# [Instructions to follow]
Excluding every picture, print exactly the lines from the one containing "Chunky Gatitos es" through the end of the material below, both ends included.

# [Dataset excerpt]
Start of Block
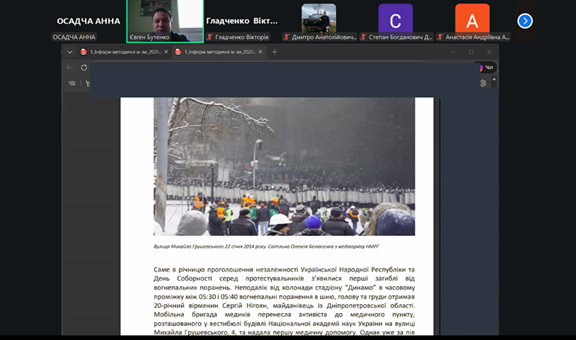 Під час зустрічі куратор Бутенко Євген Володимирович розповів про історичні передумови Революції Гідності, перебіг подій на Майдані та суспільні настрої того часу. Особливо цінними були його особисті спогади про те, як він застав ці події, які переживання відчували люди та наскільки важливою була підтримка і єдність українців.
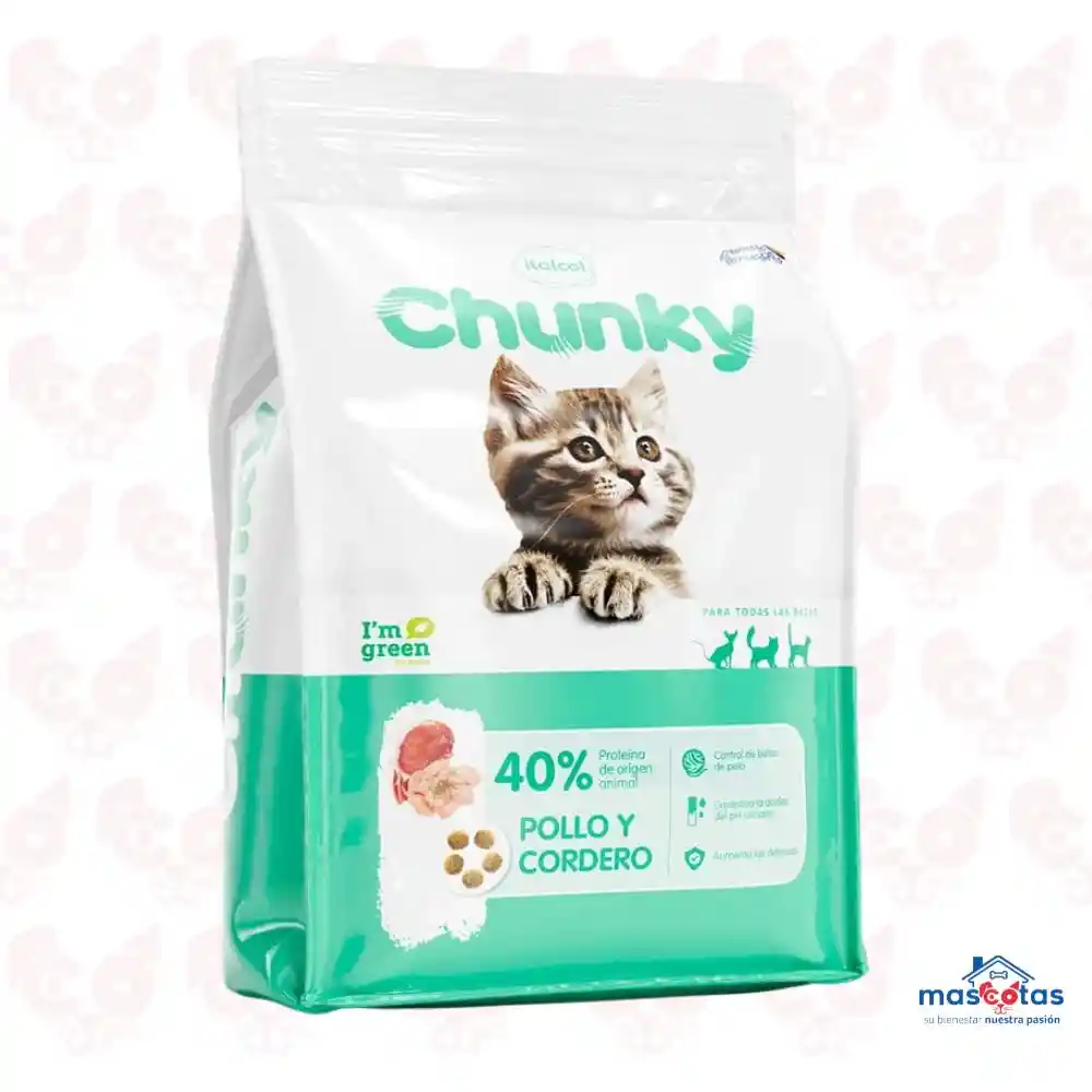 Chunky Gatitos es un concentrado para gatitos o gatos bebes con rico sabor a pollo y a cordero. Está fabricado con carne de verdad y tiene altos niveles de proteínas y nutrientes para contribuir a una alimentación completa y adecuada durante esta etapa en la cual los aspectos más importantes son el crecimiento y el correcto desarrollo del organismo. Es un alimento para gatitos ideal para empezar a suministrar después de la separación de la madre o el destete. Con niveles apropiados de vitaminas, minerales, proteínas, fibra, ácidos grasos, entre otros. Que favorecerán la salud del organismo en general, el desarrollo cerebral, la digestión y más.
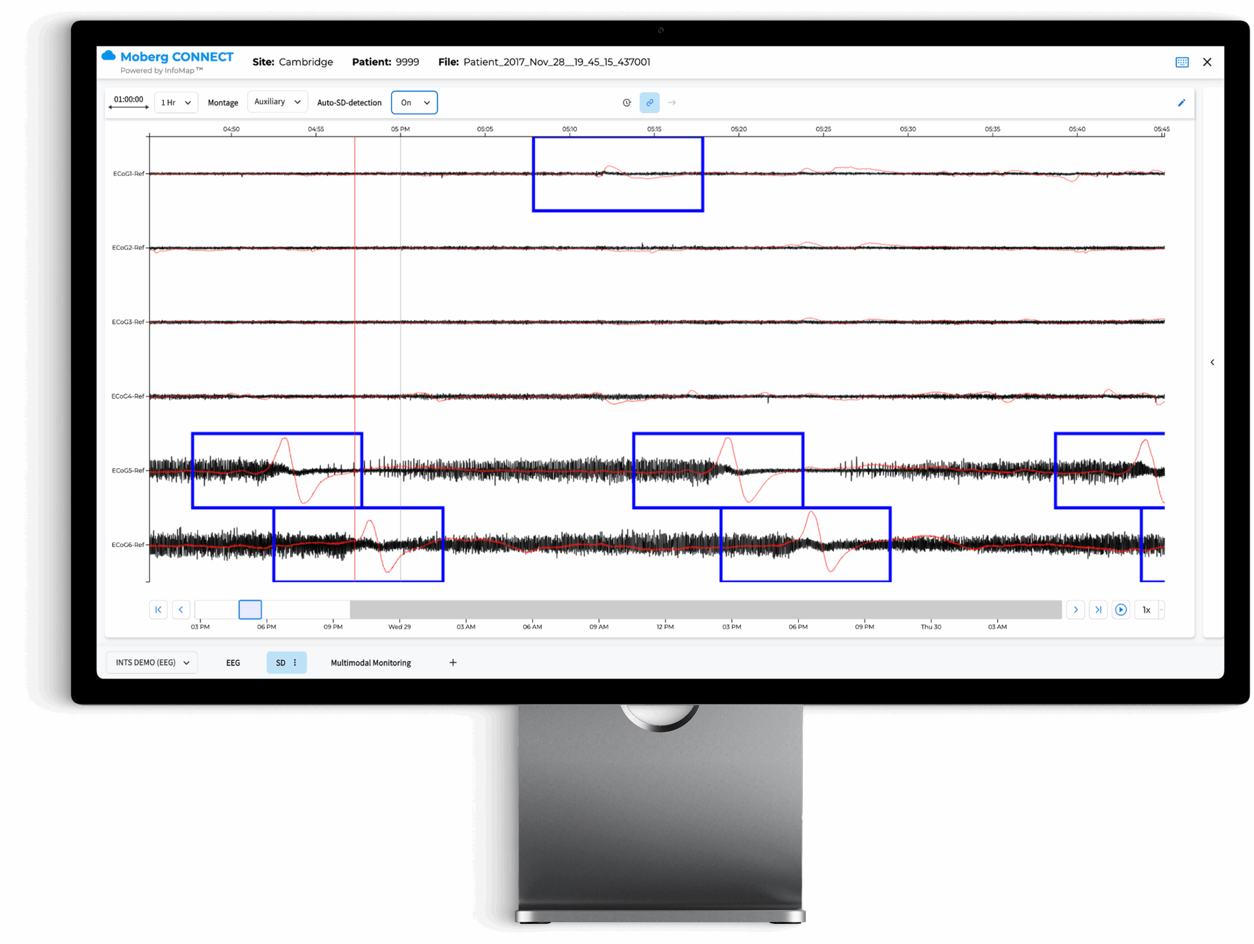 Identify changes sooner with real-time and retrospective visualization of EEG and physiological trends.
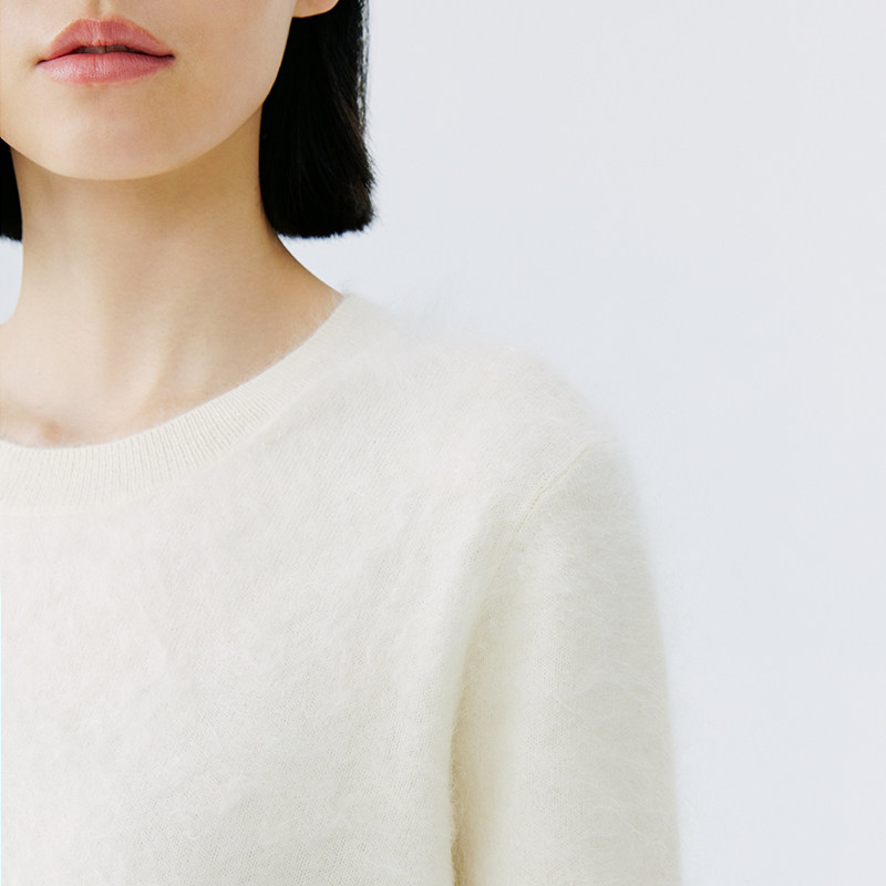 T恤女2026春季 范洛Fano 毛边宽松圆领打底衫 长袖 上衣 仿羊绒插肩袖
End of Block
# [Task solution]
 Chunky Gatitos es un concentrado para gatitos o gatos bebes con rico sabor a pollo y a cordero. Está fabricado con carne de verdad y tiene altos niveles de proteínas y nutrientes para contribuir a una alimentación completa y adecuada durante esta etapa en la cual los aspectos más importantes son el crecimiento y el correcto desarrollo del organismo. Es un alimento para gatitos ideal para empezar a suministrar después de la separación de la madre o el destete. Con niveles apropiados de vitaminas, minerales, proteínas, fibra, ácidos grasos, entre otros. Que favorecerán la salud del organismo en general, el desarrollo cerebral, la digestión y más.
 Identify changes sooner with real-time and retrospective visualization of EEG and physiological trends.
 T恤女2026春季 范洛Fano 毛边宽松圆领打底衫 长袖 上衣 仿羊绒插肩袖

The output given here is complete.